LIMO / 2020年2月27日 20時45分

介護と仕事をこなす「自営業おひとりさま」の暮らしぶりは質素が信条

介護と仕事をこなす「自営業おひとりさま」の暮らしぶりは質素が信条

「おひとりさま」という言葉を聞いたとき、みなさんはどのようなイメージを思い描くでしょうか。

人生をどのように生きていくかを決めるのは、たとえ不本意であっても最終的には各個人の選択によるところが大きいでしょう。気がついたら、いつの間にか「おひとりさま」になっていたという人もいれば、自らそうなろうと決断した人もいると思います。

今回ご紹介する乙部なるみさんも「おひとりさま」。国内外でグラフィックデザイナーとして活躍する乙部さんはどのような生活を送っているのでしょうか。

デザイナーになるまで

日本の大学を卒業後、医療機器メーカーに入社した乙部さん。病院回りの営業を3年間務め、その後マーケティング部に異動してからは、カタログやリーフレットの制作と管理を主に行っていました。

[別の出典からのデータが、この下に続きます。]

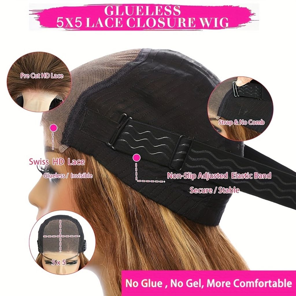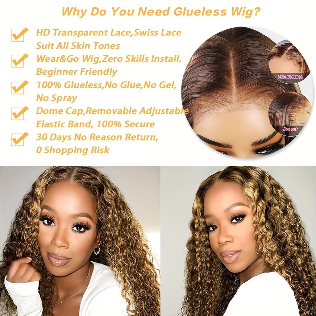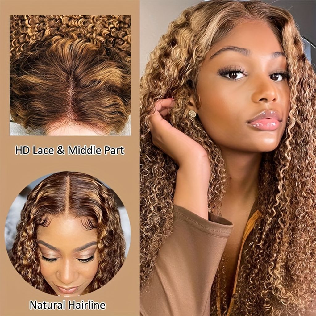Glueless Wig Water Wave Lace Front Wigs Human Hair Ombre Brown Mix Highlight Honey Blonde Colored 4/27 Wig 5x5 HD Transparent Lace Closure 180% Density Full&Thick Hair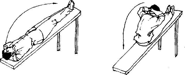 实践者在斜板上做收腹练习(图332、图333),当能够一 气完成10。次时,可将杆铃片置于脑后进行练习。
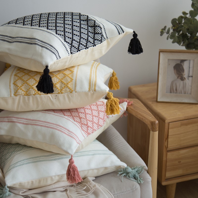 商品名称:恋佳 2021新款小格工艺编织枕系列 小格子皮粉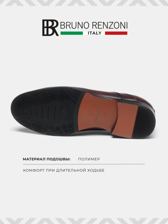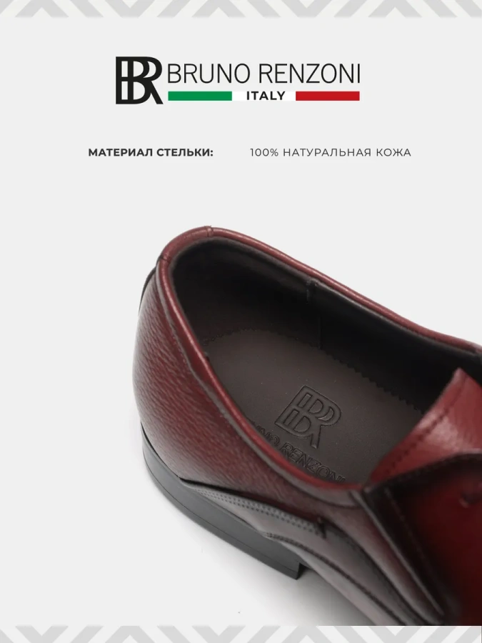 Мужские туфли BRUNO RENZONI бордовые, артикул YS260AB-H28C-NP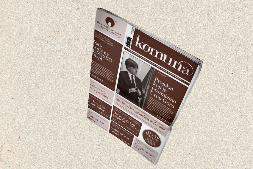 Pošto je novi broj Komune posvećen tematu voda, donosi između ostalog i nekoliko stranica posvećenih istoriji, razvojnim projektima, upravljanju vodama i viziji razvoja Regionalnog vodovoda Crnogorsko primorje, zatim klimatskim promjenama i upravljama vodama Crne Gore iz pera prof. dr Mihaila Burića, kao i hidrotehnici, kao grani građevine i odnosu sa vodama u tekstu prof. dr Gorana Sekulića u tekstu sa naslovom „Blago koje je rađalo civilizaciju“.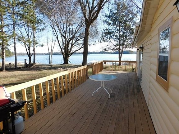 Year-round Lake Home! Great views from the main living area of beautiful Big Bass Lake. Large open kitchen and dining area with walk-in pantry. Three-quarter acre lot with level frontage and dock included. Two-car detached garage. Patio doors lead to the huge deck overlooking the water. Huge deck overlooking the water!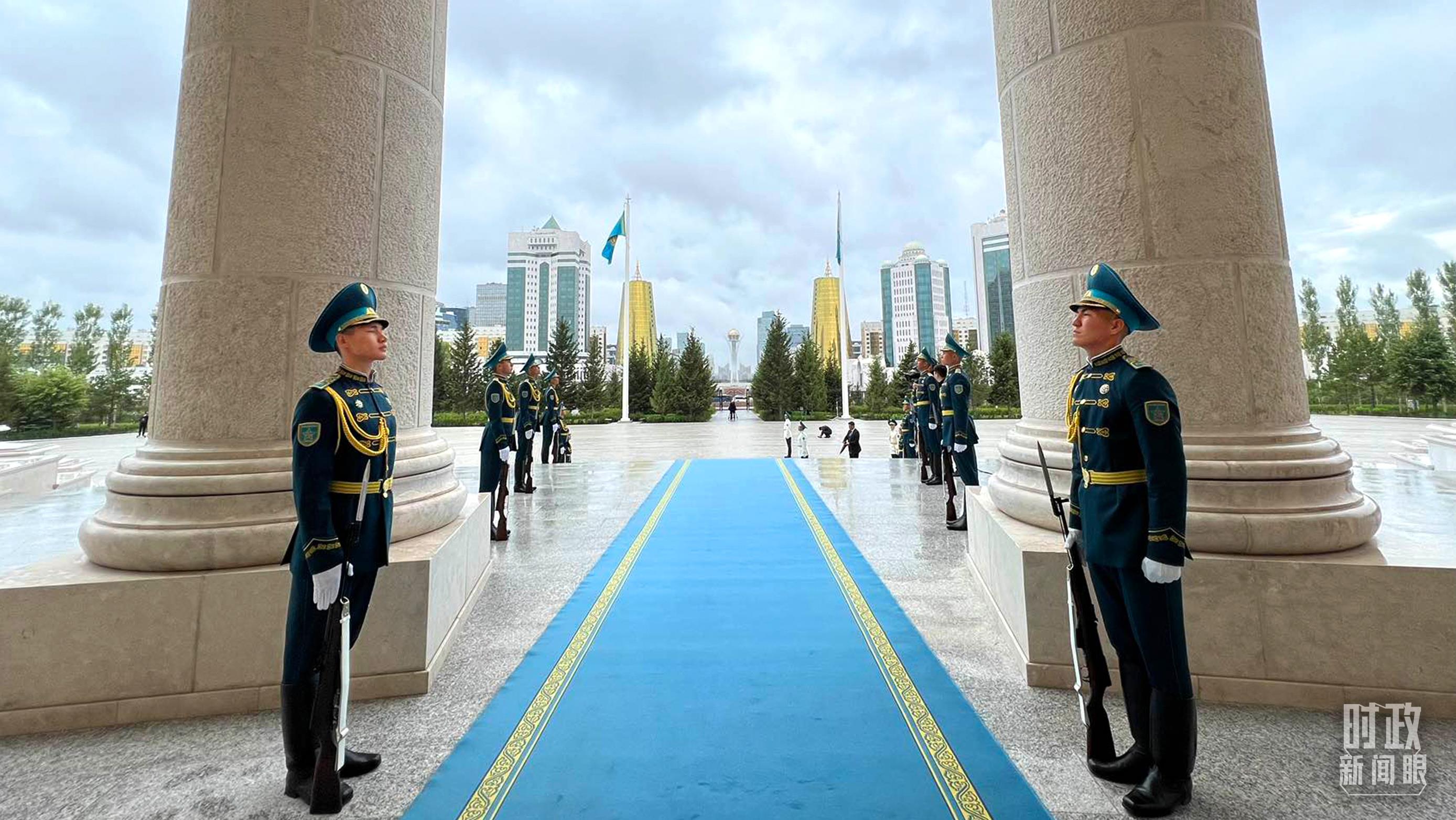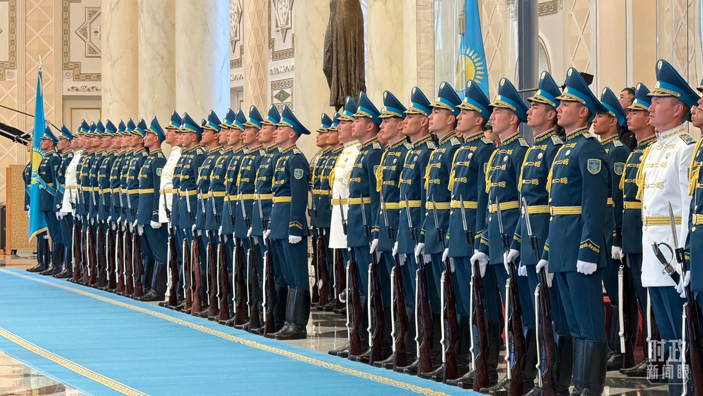 △哈萨克斯坦以最高礼仪欢迎习近平主席。(总台央视记者张洛嘉拍摄)

日々、印刷業者やデザイナーと一緒に企画を進めているうち、デザインに興味を持ち、自分でもやってみたいと思うように。しかし、コンピューターで制作するデザインではなく、自分の感性から生まれる、誰にも真似できないユニークな色彩を生かしたデザインを実現するにはどうしたらいいか試行錯誤するようになります。

パターン化したデザインの版画を南仏で制作する。(画像提供:Narumi Otobe©)

結果として、本格的にデザインを学ぶ道を選択した乙部さん。19世紀英国の詩人でデザイナーでもあるウィリアム・モリスの展覧会をロンドン旅行中に見学し、ユニークな作風に深い感銘を受けたことから、留学先は英国と決めました。

そして、約4年間にわたりデザイン全般を徹底的に学び、キングストン大学の「HNDグラフィックデザイン学科」にて学位を取得、帰国します。

国内外で活躍中

デザインを考案し、そのデザインに命を与えるかの如く完成へと導くのに重要なのは徹底的なリサーチだと乙部さんは考えています。プロとして活動する現在も、その姿勢は変わっていません。たとえば、デザインに取り入れたい花を見つけたら、花弁の繊細さや葉脈の美しさなど細部までしっかり観察してスケッチに残し、ひたすら研究します。

デザインのモチーフは植物が多いため自然の中でアイデアを探すことも多いそうですが、美術館や展覧会も定期的に訪れ、そこで見た作品からインスピレーションを得て、それが新たなデザイン・パターンを生み出すきっかけになることもあるといいます。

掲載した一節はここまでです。